The net inflow of migrants to New Hampshire from other states was significantly greater between 2015 and 2019 than it was earlier in the decade, according to new Census Bureau data. Each year an average of 8,300 more people moved to NH than left it for other US destinations between 2015 and 2019. In contrast, the net domestic migration gain was about 1,000 annually between 2010 and 2014, and just 100 annually during the Great Recession and its immediate aftermath.

Migration gains were greatest among young adults (18 to 29), who had an average annual migration gain of 3,800 compared to no gain at all between 2010 and 2014. Among those in their 30s, the net annual migration gain more than doubled during the same period, while the net inflow of those 40 to 49 diminished.

As more adults in their 20s and 30s migrated to the state, they brought their children, which is reflected in the migration gain among those under age 18. In contrast, among those aged 50 and over, there was a minimal net migration gain each year compared to a small loss annually between 2010 and 2014.

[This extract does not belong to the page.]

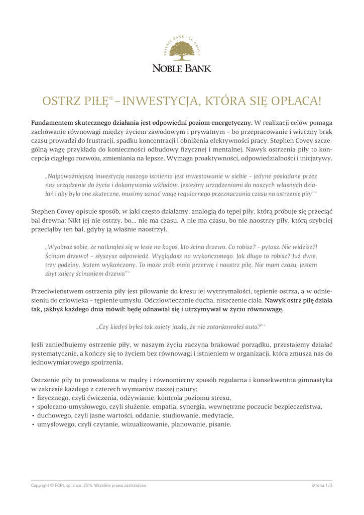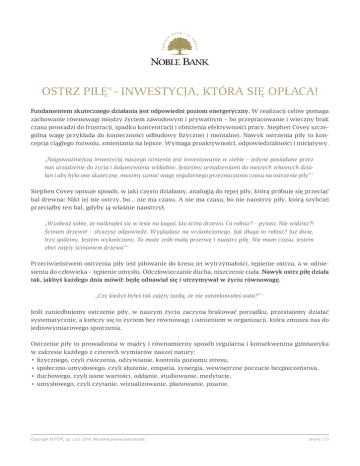 Ostrz piłę® – inwestycja, która się opłaca! Fundamentem skutecznego działania jest odpowiedni poziom energetyczny. W realizacji celów pomaga zachowanie równowagi między życiem zawodowym i prywatnym – bo przepracowanie i wieczny brak czasu prowadzi do frustracji, spadku koncentracji i obniżenia efektywności pracy. Stephen Covey szczególną wagę przykłada do konieczności odbudowy fizycznej i mentalnej. Nawyk ostrzenia piły to koncepcja ciągłego rozwoju, zmieniania na lepsze. Wymaga proaktywności, odpowiedzialności i inicjatywy. „Najpoważniejszą inwestycją naszego istnienia jest inwestowanie w siebie – jedyne posiadane przez nas urządzenie do życia i dokonywania wkładów. Jesteśmy urządzeniami do naszych własnych działań i aby było one skuteczne, musimy uznać wagę regularnego przeznaczania czasu na ostrzenie piły”* Stephen Covey opisuje sposób, w jaki często działamy, analogią do tępej piły, którą próbuje się przeciąć bal drewna: Nikt jej nie ostrzy, bo... nie ma czasu. A nie ma czasu, bo nie naostrzy piły, którą szybciej przeciąłby ten bal, gdyby ją właśnie naostrzył. „Wyobraź sobie, że natknąłeś się w lesie na kogoś, kto ścina drzewo. Co robisz? – pytasz. Nie widzisz?! Ścinam drzewo! – słyszysz odpowiedź. Wyglądasz na wykończonego. Jak długo to robisz? Już dwie, trzy godziny. Jestem wykończony. To może zrób małą przerwę i naostrz piłę. Nie mam czasu, jestem zbyt zajęty ścinaniem drzewa”* Przeciwieństwem ostrzenia piły jest piłowanie do kresu jej wytrzymałości, tępienie ostrza, a w odniesieniu do człowieka – tępienie umysłu. Odczłowieczanie ducha, niszczenie ciała. Nawyk ostrz piłę działa tak, jakbyś każdego dnia mówił: będę odnawiał się i utrzymywał w życiu równowagę. „Czy kiedyś byłeś tak zajęty jazdą, że nie zatankowałeś auta?”* Jeśli zaniedbujemy ostrzenie piły, w naszym życiu zaczyna brakować porządku, przestajemy działać systematycznie, a kończy się to życiem bez równowagi i istnieniem w organizacji, która zmusza nas do jednowymiarowego spojrzenia. Ostrzenie piły to prowadzona w mądry i równomierny sposób regularna i konsekwentna gimnastyka w zakresie każdego z czterech wymiarów naszej natury: • fizycznego, czyli ćwiczenia, odżywianie, kontrola poziomu stresu, • społeczno-umysłowego, czyli służenie, empatia, synergia, wewnętrzne poczucie bezpieczeństwa, • duchowego, czyli jasne wartości, oddanie, studiowanie, medytacje, • umysłowego, czyli czytanie, wizualizowanie, planowanie, pisanie. Copyright © FCPL sp. z o.o. 2014. Wszelkie prawa zastrzeżone. strona 1 / 3 Przyjrzyjmy się każdemu z nich! I. Obszar fizyczny Aby odnawiać się fizycznie, skorzystaj z następujących wskazówek: • dostarczaj swojemu organizmowi niezbędnej porcji snu, • wyznacz sobie konkretny cel związany z podnoszeniem kondycji organizmu (np. regularne bieganie, obniżenie poziomu cholesterolu, osiągnięcie optymalnej wagi), • do swojej diety włącz warzywa, owoce, produkty pełnoziarniste, błonnik i duże ilości wody, • ćwicz regularnie, zwiększając elastyczność mięśni, siłę oraz wydolność serca i płuc, • zredukuj poziom stresu, nie dawaj się schwytać w pułapkę rzeczy pilnych! II. Obszar społeczno-emocjonalny Aby odnawiać się w wymiarze społeczno-emocjonalnym, skorzystaj z następujących wskazówek: • staraj się stale ulepszać swoje związki z innymi poprzez regularne dokonywanie wpłat na emocjonalne konta bankowe, • doceniaj różnice poglądów i postaw, szukaj możliwości tworzenia synergii, • regularnie wykorzystuj umiejętność empatycznego słuchania w relacjach z osobami, które są dla Ciebie ważne, • poszerzaj krąg znajomych i przyjaciół, • wybaczaj sobie, i tym, którzy Cię zranili, • buduj więzi rodzinne – te bliskie i te dalekie, • zrezygnuj z destrukcyjnego zwyczaju porównywania się do innych. III. Obszar umysłowy Aby odnawiać swój umysł, skorzystaj z następujących wskazówek: • prowadź dziennik, niech Twój dziennik stanie się miejscem, w którym analizujesz i rozwiązujesz swoje problemy, • wypracuj w sobie nałóg czytania, • zbieraj cytaty i złote myśli – przemyślenia wielkich ludzi pobudzają umysł do pracy, • rozwijaj swoje hobby – to pozwoli Ci zajmować się tym, co naprawdę lubisz, • kontynuuj swoją edukację – ucz się patrzeć na siebie z innej perspektywy i odkrywać własne paradygmaty. IV. Obszar duchowy Aby odnawiać się w wymiarze duchowym, skorzystaj z następujących wskazówek: • stwórz swoją misję życiową i regularnie ją przeglądaj i rozwijaj, • naucz się czerpać radość z kontaktu z naturą, • czytaj inspirującą literaturę, szczególnie biografie ludzi, których życie i dokonania mogą być dla Ciebie źródłem natchnienia, • staraj się żyć w sposób spójny z Twoimi życiowymi priorytetami, • słuchaj muzyki, która Cię inspiruje i podnosi na duchu, Copyright © FCPL sp. z o.o. 2014. Wszelkie prawa zastrzeżone. strona 2 / 3 • zaangażuj się w działania społeczne – przeznacz na ten cel swój czas, pieniądze i energię, • praktykuj religię lub inne działania, które wzbogacają Cię duchowo. Kiedy staramy się odnawiać regularnie w czterech obszarach, napotykamy przeszkody takie jak brak czasu czy dyscypliny, które utrudniają trzymanie się własnych postanowień. Ale pamiętaj, że jeżeli uda Ci się przetrwać te trudne chwile, czekają Cię wspaniałe nagrody! „Nigdy nie zaniedbuj ostrzenia piły, nie szukaj powodów, by tego nie robić, płać tę cenę, a rezultaty będą zaskakująco cudowne.”* * Stephen Covey „7 Nawyków skutecznego działania” ® FranklinCovey swym rosnącym zasięgiem obejmuje obecnie ponad 150 krajów. Jesteśmy światowym liderem w siedmiu kluczowych obszarach: przywództwo, dyscyplina realizacji, produktywność, zaufanie, efekt

Modest migration from other countries at all ages supplemented the domestic migration gains analyzed here. These recent domestic and international migration gains provide additional human and social capital to a state challenged by an aging workforce and population.

Analysis: K.M. Johnson, Carsey School, University of New Hampshire. Source: U.S. Census ACS, 2010–2014, 2015–2019. Note: This analysis uses sample estimates and should be interpreted with caution.

ABOUT THE AUTHOR Kenneth M. Johnson is senior demographer at the Carsey School of Public Policy, Class of 1940 professor of sociology at the University of New Hampshire, and an Andrew Carnegie Fellow. His research was supported by the New Hampshire Agricultural Experiment Station in support of Hatch Multi-State Regional Project W-4001 through joint funding of the National Institute of Food and Agriculture, U.S. Department of Agriculture, under award number 1013434, and the state of New Hampshire. The opinions are his and not those of the sponsoring organizations.